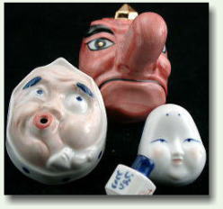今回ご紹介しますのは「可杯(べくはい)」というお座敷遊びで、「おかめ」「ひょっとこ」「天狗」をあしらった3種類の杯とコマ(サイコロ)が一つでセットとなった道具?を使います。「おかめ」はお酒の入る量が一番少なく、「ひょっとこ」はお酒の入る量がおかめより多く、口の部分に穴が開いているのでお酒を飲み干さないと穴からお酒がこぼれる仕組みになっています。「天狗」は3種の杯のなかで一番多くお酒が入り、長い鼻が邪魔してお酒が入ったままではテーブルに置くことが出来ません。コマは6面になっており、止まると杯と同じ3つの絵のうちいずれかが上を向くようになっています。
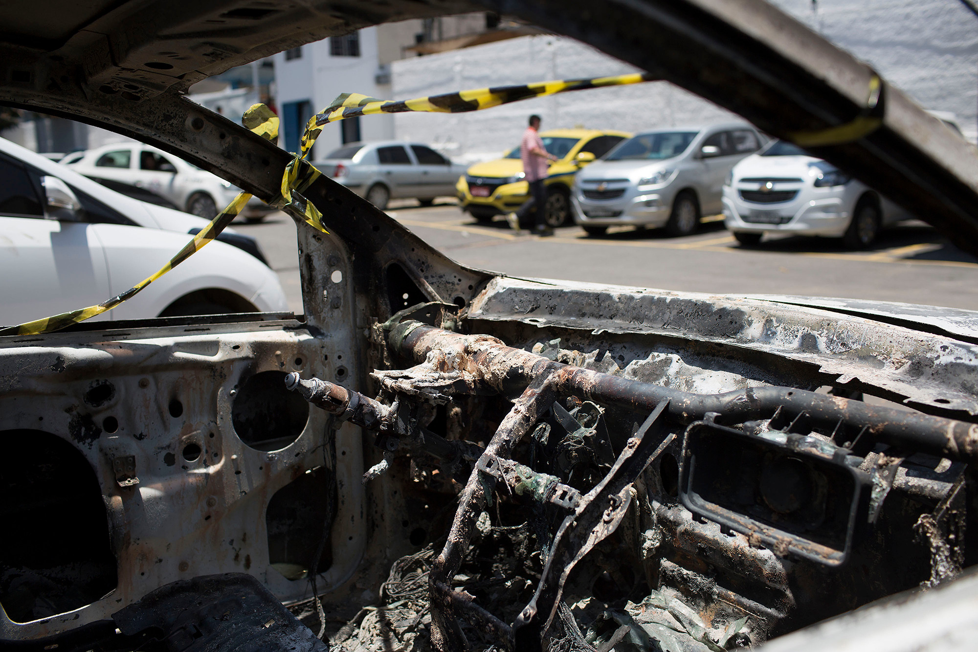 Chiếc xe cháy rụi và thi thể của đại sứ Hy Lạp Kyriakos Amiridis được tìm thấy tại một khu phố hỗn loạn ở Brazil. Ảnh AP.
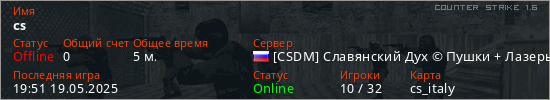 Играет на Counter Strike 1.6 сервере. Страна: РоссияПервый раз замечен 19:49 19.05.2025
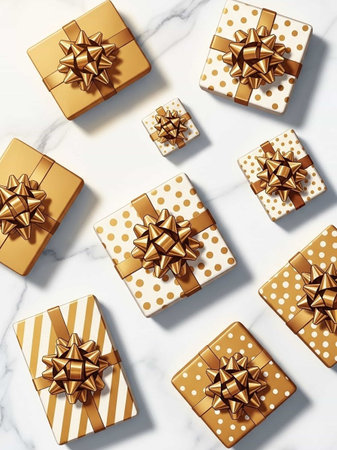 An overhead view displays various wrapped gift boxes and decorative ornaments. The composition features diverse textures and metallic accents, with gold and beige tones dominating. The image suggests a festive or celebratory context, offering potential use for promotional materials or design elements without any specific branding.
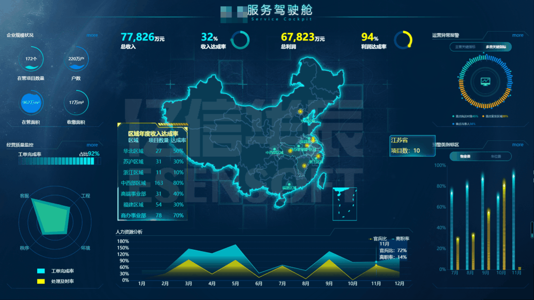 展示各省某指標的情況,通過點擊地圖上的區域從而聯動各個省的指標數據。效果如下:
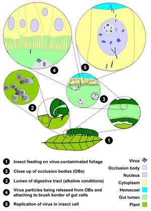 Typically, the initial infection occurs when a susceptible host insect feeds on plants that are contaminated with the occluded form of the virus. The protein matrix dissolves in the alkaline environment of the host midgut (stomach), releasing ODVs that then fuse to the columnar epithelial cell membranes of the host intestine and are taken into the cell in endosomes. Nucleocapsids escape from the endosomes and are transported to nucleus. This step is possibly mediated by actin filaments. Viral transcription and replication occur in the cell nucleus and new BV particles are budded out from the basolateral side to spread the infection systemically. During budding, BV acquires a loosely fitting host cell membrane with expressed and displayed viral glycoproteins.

------------------------------------------------

_Work item_:
Each record should be copied exactly, and each image left out.

_Solution for this task_:
今回ご紹介しますのは「可杯(べくはい)」というお座敷遊びで、「おかめ」「ひょっとこ」「天狗」をあしらった3種類の杯とコマ(サイコロ)が一つでセットとなった道具?を使います。「おかめ」はお酒の入る量が一番少なく、「ひょっとこ」はお酒の入る量がおかめより多く、口の部分に穴が開いているのでお酒を飲み干さないと穴からお酒がこぼれる仕組みになっています。「天狗」は3種の杯のなかで一番多くお酒が入り、長い鼻が邪魔してお酒が入ったままではテーブルに置くことが出来ません。コマは6面になっており、止まると杯と同じ3つの絵のうちいずれかが上を向くようになっています。
 Chiếc xe cháy rụi và thi thể của đại sứ Hy Lạp Kyriakos Amiridis được tìm thấy tại một khu phố hỗn loạn ở Brazil. Ảnh AP.
 Играет на Counter Strike 1.6 сервере. Страна: РоссияПервый раз замечен 19:49 19.05.2025
 An overhead view displays various wrapped gift boxes and decorative ornaments. The composition features diverse textures and metallic accents, with gold and beige tones dominating. The image suggests a festive or celebratory context, offering potential use for promotional materials or design elements without any specific branding.
 展示各省某指標的情況,通過點擊地圖上的區域從而聯動各個省的指標數據。效果如下:
 Typically, the initial infection occurs when a susceptible host insect feeds on plants that are contaminated with the occluded form of the virus. The protein matrix dissolves in the alkaline environment of the host midgut (stomach), releasing ODVs that then fuse to the columnar epithelial cell membranes of the host intestine and are taken into the cell in endosomes. Nucleocapsids escape from the endosomes and are transported to nucleus. This step is possibly mediated by actin filaments. Viral transcription and replication occur in the cell nucleus and new BV particles are budded out from the basolateral side to spread the infection systemically. During budding, BV acquires a loosely fitting host cell membrane with expressed and displayed viral glycoproteins.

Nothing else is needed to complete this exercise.